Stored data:
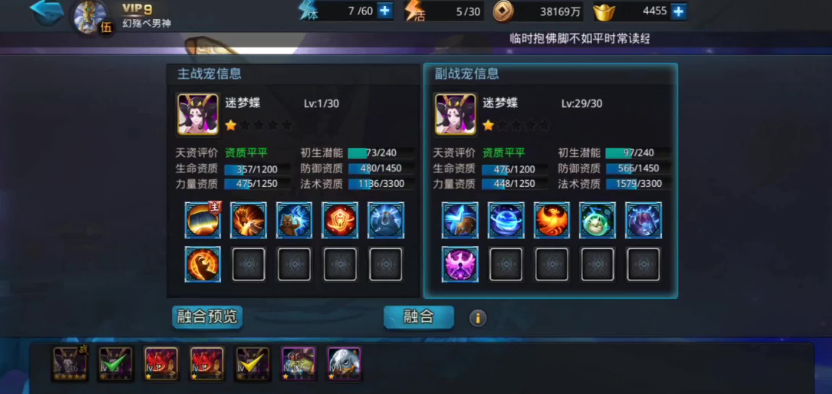 战宠融合是提升宠物技能数量和属性的核心玩法,通过主宠与副宠的技能叠加可以生成技能格更多的战宠。具体操作就是把多余的初生灵兽打满4个初级秘技,然后进行融合,有几率生成更多技能格的战宠。融合前需要确保主副宠物都打满技能,技能数量越多,融合后获得高技能格的概率就越大。不过融合结果存在随机性,通常两个4技能宠物融合出5技能已经算是不错的结果了。
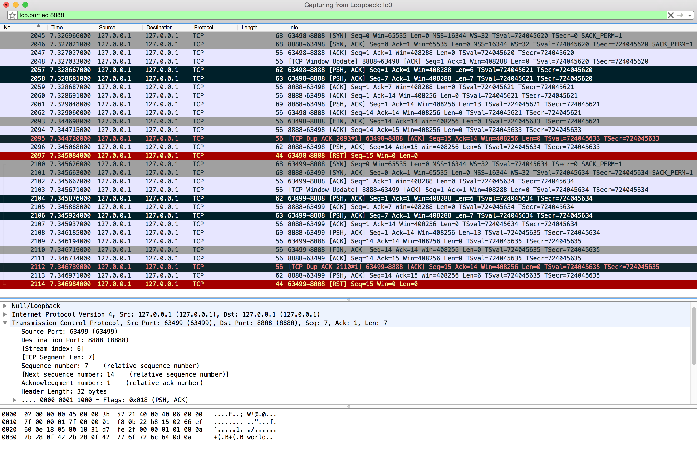上面测试代码中Hello是 6 个字节,world\r\n是 7 个字节,如果是 13 个字节一起发送出去了,那就是这 2 个数据包被一起发送给服务端了。
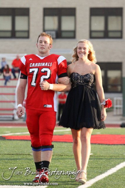Candidates Abi Rziha and Kagan Blackwell walk out during the 2013 Hoisington High School Homecoming Festivities prior to the Larned at Hoisington Football game at Elton Brown Field in Hoisington, Kansas on October 11, 2013. (Photo: Joey Bahr, www.joeybahr.com)
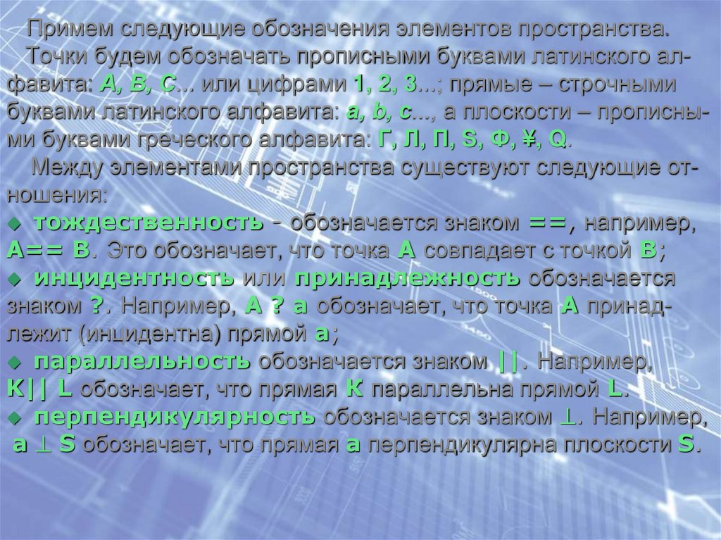 Примем следующие обозначения элементов пространства.Точки будем обозначать прописными буквами латинского алфавита: А, В, С... или цифрами 1, 2, 3...; прямые – строчными
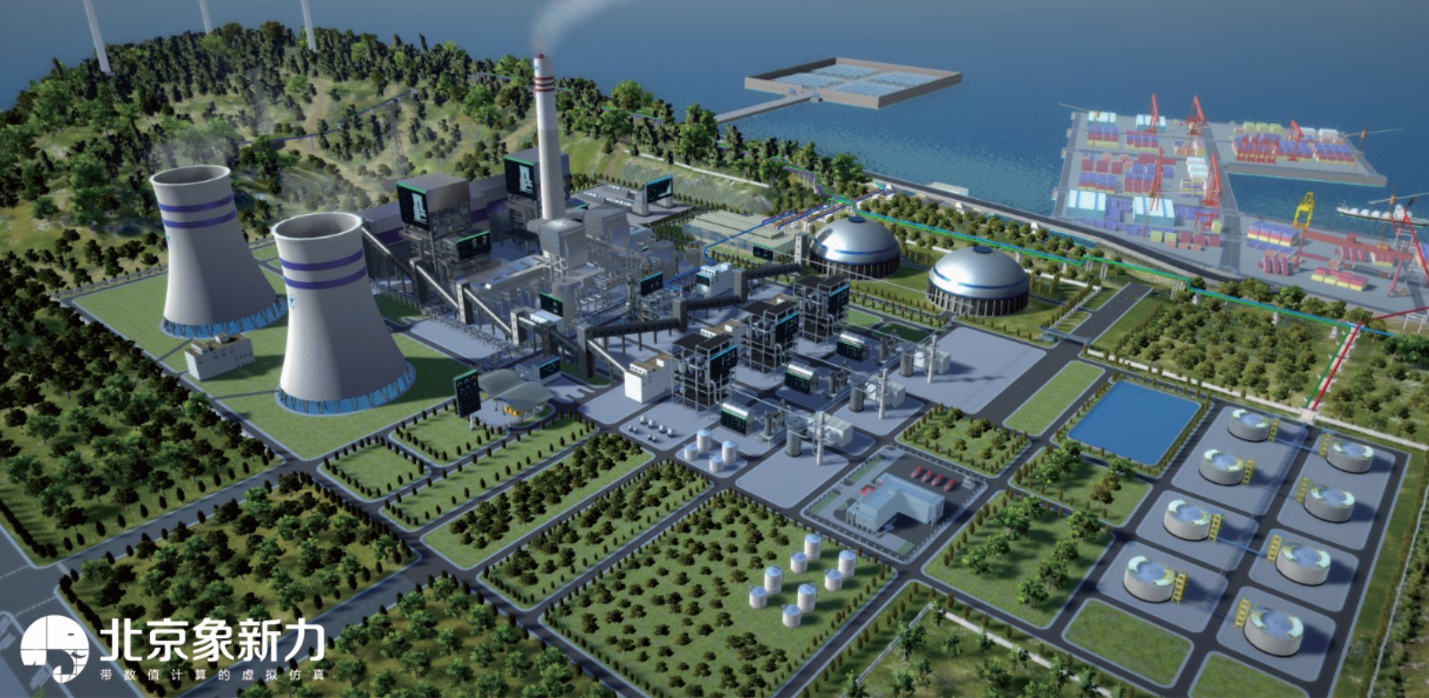 本项目利用三维虚拟现实技术,以背山面海的地理场景搭建未来能源工厂的三维虚拟模型,能源工厂生产的电、天然气、热、水通过管网送往远处的一个虚拟城市(远景),海面具有LNG船及煤炭运输船,同时在仿真运行管理后台和仿真机里模型软件的支持下,提供从场景到内部结构,操作到实时数据的一体化教学仿真解决方案。同时将设备的结构原理等知识点穿插到本软件中,用户可以一边操作,一边看到现象,同时学习相关的原理。本系统知识点展现环节重点包括包括实时燃料消耗、输出功率、发电效率、污染物排放指标、碳排放指标。

_TASK TO COMPLETE_: Write out, exactly as they stand, the line with "上面测试代码中Hello是 6 个字节,world\r\n是" and every line after it through the end of the entries above; omit the pictures.

_ANSWER BOX_:
上面测试代码中Hello是 6 个字节,world\r\n是 7 个字节,如果是 13 个字节一起发送出去了,那就是这 2 个数据包被一起发送给服务端了。
Candidates Abi Rziha and Kagan Blackwell walk out during the 2013 Hoisington High School Homecoming Festivities prior to the Larned at Hoisington Football game at Elton Brown Field in Hoisington, Kansas on October 11, 2013. (Photo: Joey Bahr, www.joeybahr.com)
 Примем следующие обозначения элементов пространства.Точки будем обозначать прописными буквами латинского алфавита: А, В, С... или цифрами 1, 2, 3...; прямые – строчными
 本项目利用三维虚拟现实技术,以背山面海的地理场景搭建未来能源工厂的三维虚拟模型,能源工厂生产的电、天然气、热、水通过管网送往远处的一个虚拟城市(远景),海面具有LNG船及煤炭运输船,同时在仿真运行管理后台和仿真机里模型软件的支持下,提供从场景到内部结构,操作到实时数据的一体化教学仿真解决方案。同时将设备的结构原理等知识点穿插到本软件中,用户可以一边操作,一边看到现象,同时学习相关的原理。本系统知识点展现环节重点包括包括实时燃料消耗、输出功率、发电效率、污染物排放指标、碳排放指标。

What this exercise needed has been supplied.